Was Doubles angeht, so ist das wie mit Tables so, dass man die passende Geschwindigkeit braucht, dann geht das fast  von alleine (ich sag das jetzt so obwohl ich mich auch sehr schwer tue...).
.
Hier in diesem Unterforum gabs mal ein schönes Lehrvideo, such mal.


----------



## MTB-News.de




----------



## evilthommy (27. Juli 2011)

is den keiner da in deinem park den du ansprechen kannst, der dir vor ort tippsgeben kann das ist sicher besser wie hier überns netz ?


----------



## PhatBiker (27. Juli 2011)

Schau dir hier doch ein paar Videos an und du wirst schnell feststellen das es recht einfach ist irgendwo runter zu springen.
Viele fahrer lassen sich, wenn die Geschwindigkeit stimmt, nur treiben. Aktiv abspringen tun die nur wenn die recht langsamm sind.


----------



## vinzentrs1 (22. Oktober 2011)

nimm dir einfach mal einen einfachen kicker mir vieeeeel anlauf und nichts dahinter(und er solte werde zu steil noch zu hoch(weil du sonst über den lenker wanderst)sein),
dann nimm richtig vieel anlauf versuch schnell zu sein wen du auf der rampe bist , zieh RICHTIG hoch und lass dich von deinem adrenalin leiten


----------



## jazzchecker (22. Oktober 2011)

> zieh RICHTIG hoch


 , also wenn du damit nur den lenker meinst, dann kommst du sicherlicht mit dem hinterrad zuerts auf, und dass ist schmerzhaft, entweder für dich oder für das bike .... meiner meinung, geht das ziemlich einfach, 

1. nicht zu langsam fahren
2. sich von dem eigenen blick folgen lassen
3. körperspannung, aufbauen (das man schön mit beiden rädern gleichzeitig aufkommt, für die wo weiterspringen wollen nun einen bunny hop, und allg.
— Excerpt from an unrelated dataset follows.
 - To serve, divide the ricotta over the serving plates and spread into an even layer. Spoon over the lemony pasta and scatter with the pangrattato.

VR + HR hochziehen -> wie das geht gibts schon massig viele threads hier)
4. fluggenießen
5. sich bei der landung mit beinen und armen abfedern


----------



## Geisterfahrer77 (24. Oktober 2011)

Hallo,
ich habe selbst bis vor kurzem größte Probleme gehabt, aus Kickern irgendwie Schwung und Höhe mitzunehmen. Dabei habe ich auch immer versucht mit Kraft abzuspringen, und habe fürchterlich am Lenker und den Pedalen gerissen.

Dann kam das Aha-Erlebnis, indem mich zwei Mitfahrer darauf aufmerksam gemacht haben, dass ich die Sprünge eher "wegschlucke" anstatt abzuspringen.
Der Schlüssel liegt tatsächlich darin, dass man eher nichts macht, außer mit fast durchgesteckten Armen und Beinen (neutrale Haltung) der Kompression entgegenzuwirken. Dann kickt der Kicker tatsächlich richtig, und die Sprunghöhe und -weite hängt nur noch von der Geschwindigkeit ab.
Mit einem leichten Zug am Lenker im Moment des Abhebens kann man die Fluglage korrigieren, damit man nicht zu front- oder hecklastig wieder aufkommt.
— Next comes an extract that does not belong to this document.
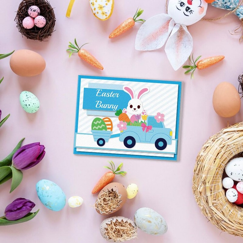 DELORIGIN Cutting Dies with Easter Bunny Car Card Making Stencil Metal Rabbit Carrots Car Cutting Scrapbooking Embossing Stencils Frame Cutting Dies Novelties for Album Invitation Decoration
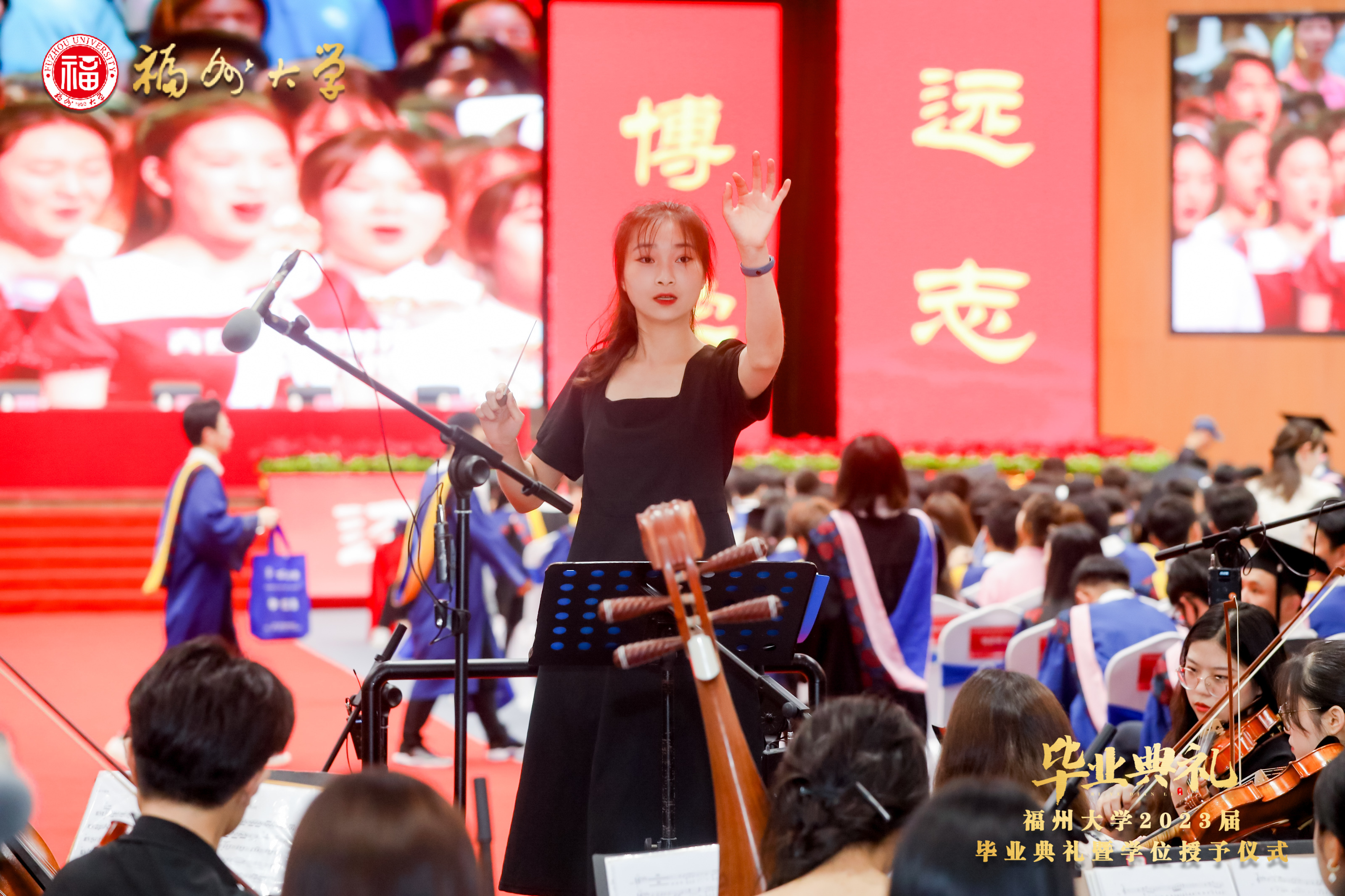 音乐学系承办本次典礼现场音乐表演,王昕野老师担任交响乐团指挥,部分乐团成员与合唱团成员共同为毕业盛会献上青春之歌。

Ich komme mit dieser Technik jedenfalls sehr gut klar, und kann nun auch mühelos Tables überspringen, die mir noch vor einigen Wochen unüberwindbar erschienen.


----------



## flyingscot (24. Oktober 2011)

Allein durch "reissen" am Lenker wird das nichts, das stimmt.

Wenn es richtig hoch bzw. weit werden soll muss man halt schon "aktiv abspringen". Das heisst z.B. die Federelemente vor dem Kicker komprimieren  -- das geht z.B. sehr gut in der Kompression wenn man sich dort auch noch "klein" (angewinkelte Arme/Beine) macht. An der Kante muss man dann wirklich aktiv abspringen, also sich groß (fast gestreckte Arme/Beine) machen und das Bike mitnehmen (Körperspannung, Verkeilen in den Pedalen). Wichtig! Nicht vom Bike abspringen, sondern mit dem Bike abspringen 
Und nicht erschrecken, wie weit und hoch man plötzlich kommt.


----------



## Marc B (10. November 2011)

Gut erklärt:


----------



## MitchMG (12. November 2011)

jazzchecker schrieb:


> , also wenn du damit nur den lenker meinst, dann kommst du sicherlicht mit dem hinterrad zuerts auf, und dass ist schmerzhaft, entweder für dich oder für das bike .... meiner meinung, geht das ziemlich einfach,
> 
> 1. nicht zu langsam fahren
> .....................



Das ist immer ein großes Problem.
Wenn du Angst vor dem Sprung hast, fährst du nicht so schnell.
Fährst du nicht so schnell wird der Sprung zu kurz.
Gerade wenn man einen Table oder Double vor sich hat ist das ja extrem kritisch. Da mußt du einfach die Entfernung und Höhe springen.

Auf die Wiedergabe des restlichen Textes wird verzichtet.